Like Blue Label / Etiqueta Azul Sánchez Rugeles’s second novel features an impressive cast of characters, but while in his previous work this gives substance to the context, in Transilvania Unplugged each of the secondary characters renders the story more and more freakish. To the reader, not only is everyone foreign in this novel (even Emilio and Josep Antoniu are foreign, for they are Venezuelans in Romania), they are all emphatically outlandish, much like the story itself. In this sense, Sánchez Rugeles’s greatest accomplishment is to hold the tale together tightly enough to keep the reader’s attention. Structure plays a central role in this balancing act, and the author’s forays into the world of modern communication, continuously reproducing the two friends’ emails to each other, creates an architecture that is reminiscent of the epistolary origins of the novel. This exchange, combined with a lively and sensitive narrator, are the tools that enable Sánchez Rugeles to control the pace of the narrative with the ease of a flea circus master, manipulating the reader into taking part in the subtle game of hide and seek that lies at the core of any crime novel.
After all, Transilvania Unplugged is to all effects and purposes a crime novel with the classic aesthetic of a hard-boiled film noir, spiked here and there with self-deprecatory humour, an element of parody and a generous dose of the Venezuelan telenovela to it – a complex and entertaining pastiche.

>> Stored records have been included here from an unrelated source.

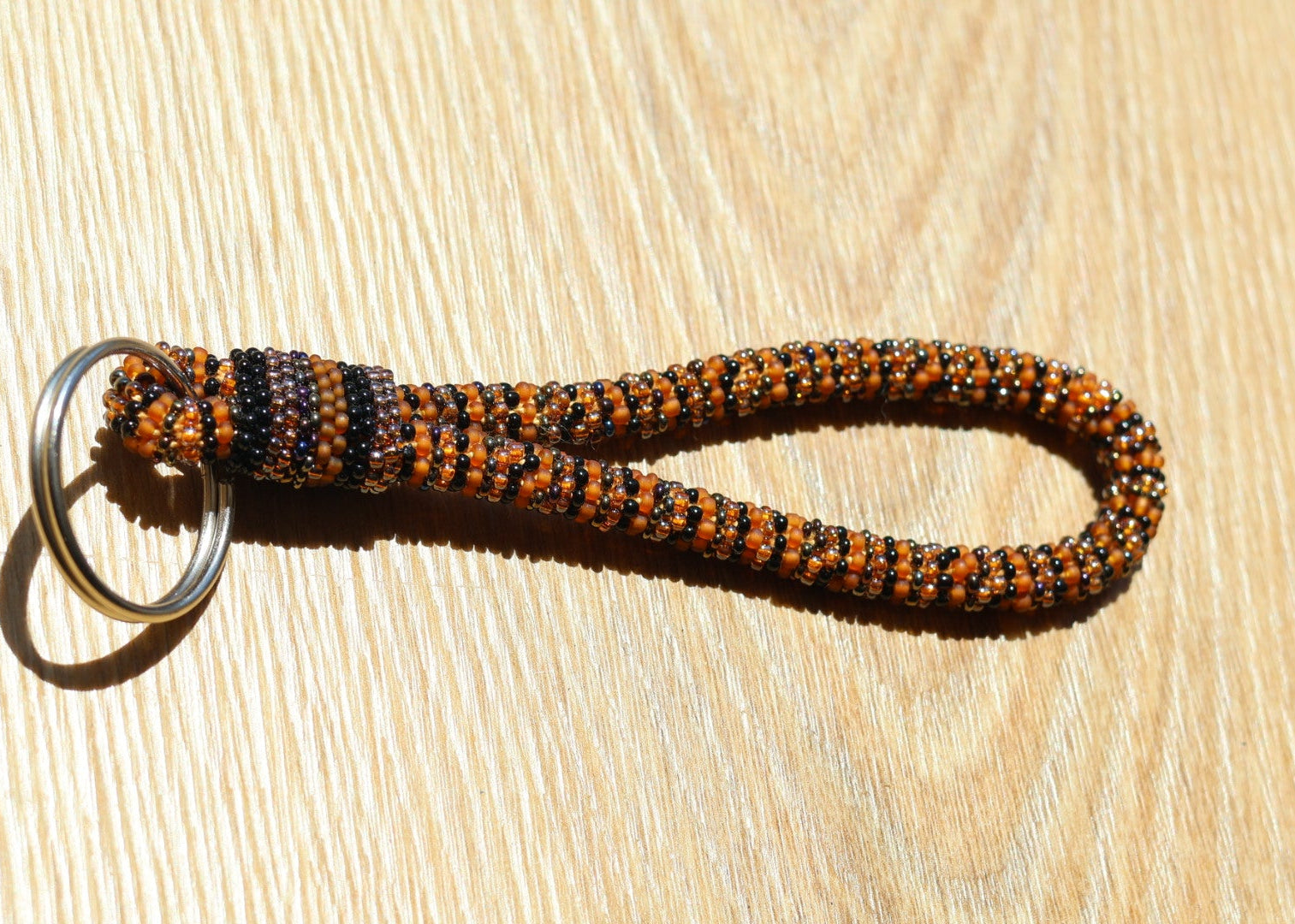 Chaque porte-clés nécessite en moyenne 3h30 de travail manuel. Les perles de verre sont tissées à la main avec patience et précision, puis montées sur un anneau brisé robuste pour une utilisation quotidienne.
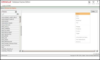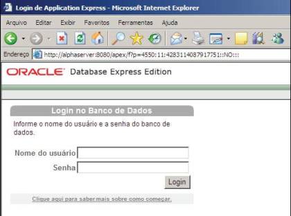 Após realizar o download do banco de dados e seguir todos os passos até a finalização da instalação, será instalado um software que irá auxiliar na administração do banco de dados, seja de forma local ou remota, chamado Oracle Application Express. Para acessá-lo, basta ir em Iniciar -> Programas -> Oracle Database 10g Express Edition -> Ir para a Home Page de banco de dados.
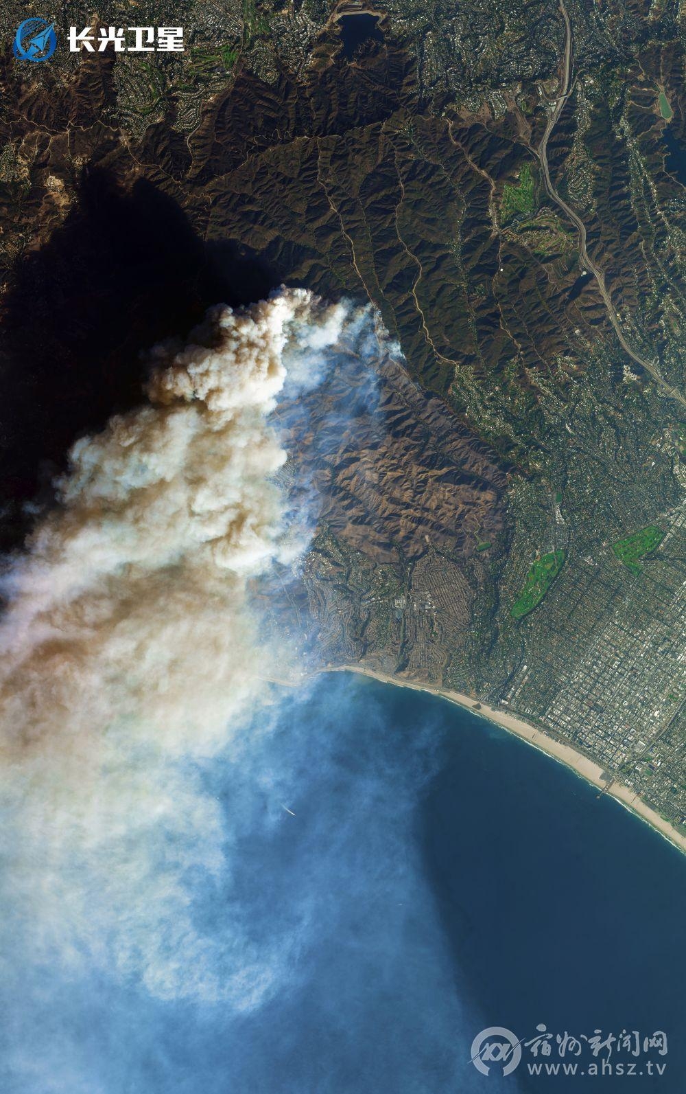 ↑这是2025年1月10日拍摄的美国加利福尼亚州洛杉矶西部地区山火的卫星画面。
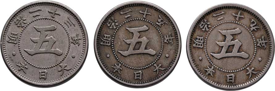 | 2587. | 5 Sen, rok 23 (= 1890), rok 25 (= 1892), rok 30
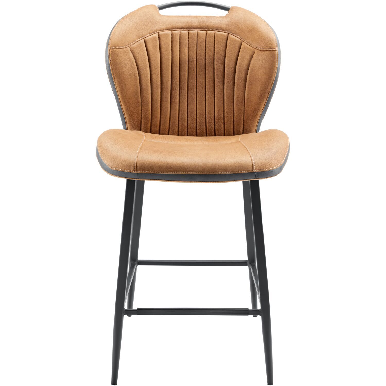 Deze cognackleurige barkruk Tubac combineert een stoer uiterlijk met een heerlijk comfort. De kruk is bekleed met een gladde stof die een zichtbare leernerf heeft en aangenaam zacht aanvoelt. Over de rand van de zitting en de rugleuning loopt een antracietkleurige band. Samen met de sierstiksels in de rugleuning, de zwart metalen hoekige poten en de geïntegreerde handgreep, geeft dit de barkruk een industriële uitstraling.
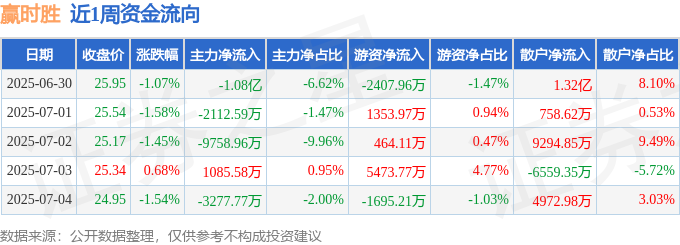资金流向数据方面,本周赢时胜主力资金合计净流出2.49亿元,游资资金合计净流入3188.68万元,散户资金合计净流入2.17亿元。本周资金流向一览见下表:
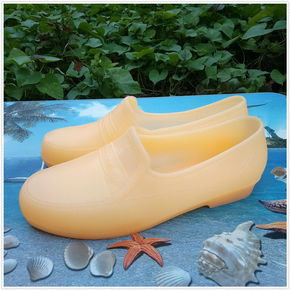 仿牛筋胶鞋雨鞋软胶工地水鞋防水低帮塑胶男士黄色塑料...
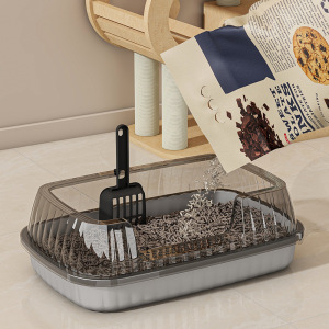 猫砂盆トランペット幼猫低足猫砂盆超大型防外スプラッシュ側開放猫籠半閉鎖猫トイレ

Though drastically different, Blue Label / Etiqueta Azul and Transilvania Unplugged both boil down to the same premise: a (physical) journey which, for very different reasons, ultimately carries disastrous consequences. Sánchez Rugeles’ obsession with escaping Venezuela is not only symptomatic of a generation which has come to regard the future as a foreign commodity, it is clearly also an expression of his own condition as a voluntary exile of his country. In his pairing of this irrepressible longing with the tragic dimension that shapes his novels, however, he has formulated – consciously or otherwise – the frame of mind developed, after decades of disillusionment, failure and crime, by the average Venezuelan. Once so optimistic, so nonchalant, wasteful and generous in equal measure, Venezuelans have come to accept that if the proverbial Murphy has a corporeal existence, he has undoubtedly moved to their country, where his is the one law enforced indiscriminately.
Times are hard in Venezuela, and the outlook is bleak, but perhaps precisely because of this more and more interesting, accomplished, urgent literature has emerged from the country over the past decade than in living memory. To those experiencing the monstrous dimension of the country’s present predicament this will come as no consolation, but there is an edge to contemporary Venezuelan literature – there is an edge to Venezuela – that is making it stand out in the literary sphere where it has rarely been acknowledged in the past.